I should have been born a robot. Although that is quite unrealistic, for robots are not born, they are made. I feel like I've been made though. Through these trials and tribulations, my warm, loving, blood pumping heart has become something similar to the little hand that screws on the tooth paste cap and the tooth paste factory. You know, the one that used to be done by a little old man? Now he's packed up his things and left, because why pay a person, when you can make a robot do the same thing, for free?

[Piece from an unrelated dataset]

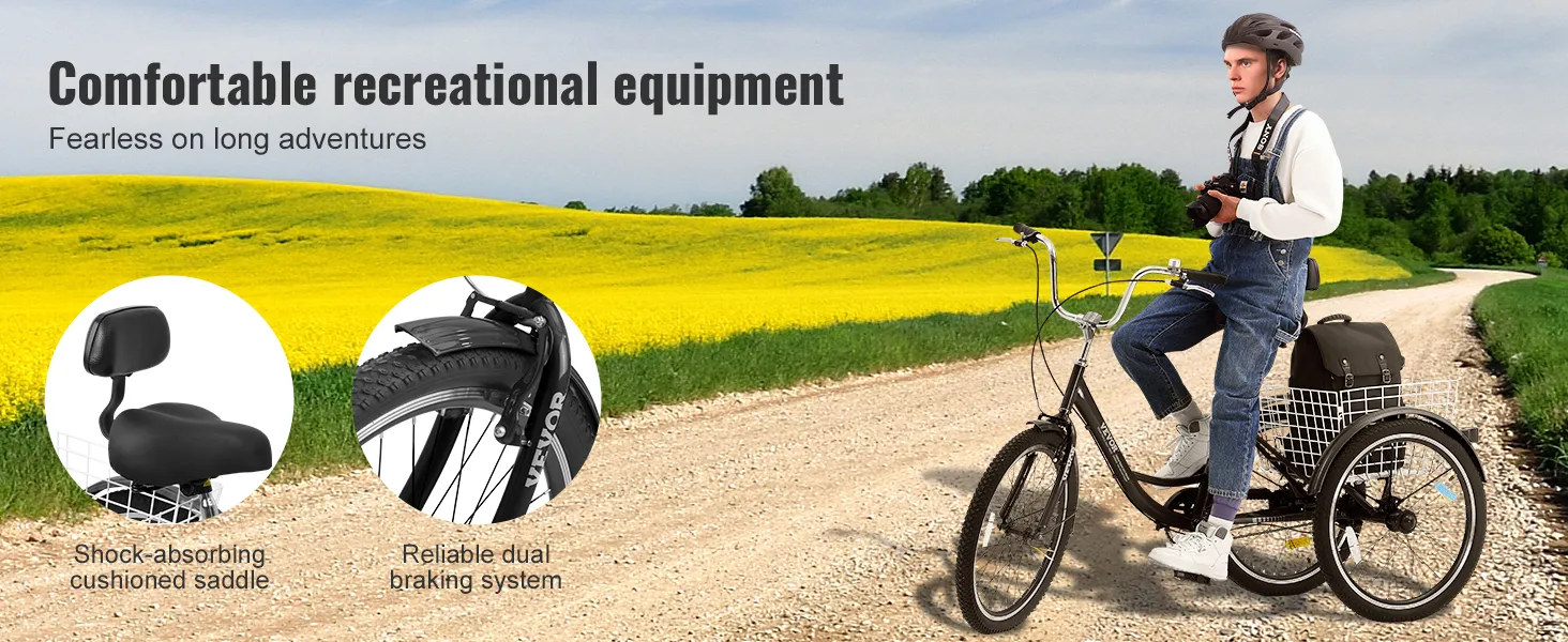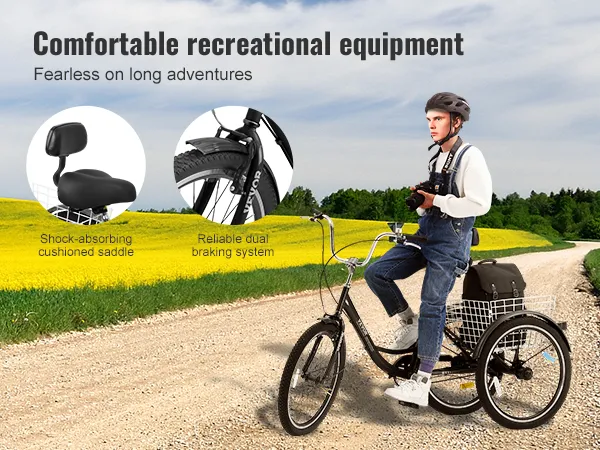 El lujoso sillín acolchado y suave y las suaves empuñaduras de goma garantizan una experiencia de conducción cómoda. Esta bicicleta de tres ruedas te hace sentir como si estuvieras montando en una nube y los viajes largos no serán incómodos.

It feels like my heart is made of metal. Like my brain fired the little person who used to run it, who used to feel things, cry for it, fix it and care about its condition, and hired a robot look-a-like.
I'm living a lie. It's amazing how I can screw on that beautifully crafted smile when I'm near him. "Oh no, nothing is wrong, I'm just tired." "I love you too. Of course I still love you." "Still get married? I'd love to!"
Lies.
He doesn't love me either. He can say it all he wants, but no one is buying it. It's like the shitty elephant in the room. We both know it's there, but neither of us have the balls to acknowledge it. Someday we'll get sick of walking around it, but sheesh. Who knows for how long?
I don't hate him, of course not. I couldn't.
I wish so badly for change. For a revolution. An awakening. I am hanging on to this tiny little thread of hope. Past the handles, past the rope, past the knot. It's the loose, frayed end of this rope that I've sunken my nails into. I'm hoping that he will wake up and say to himself "Holy crap! I'm not treating this person like she should be treated!" And love me like I should be loved.
But I think we all know how silly that is. People change, yes, I think so. I hope so. But not THAT much. If he can't treat me like I'd like to be treated now, then when?
How long should I wait?
Until I can't look at myself in the mirror anymore?
It's getting close to that.
I know that I have not left him yet, because I am scared to be alone. I am scared to see how much the silence of a place called home can hurt my ears. I am scared to see if I can really do this, or if I'll be faking it forever. The real me, the real monster. I long for freedom from it. I want to trust myself, to believe in me.
I want to. I'm really scared to try. And scared to find out how wrong I am.
I apologize to you, dear reader, for this disgusting display of weakness, indulgence, selfishness, fear, and self-loathing. This is not me. This is the robot me.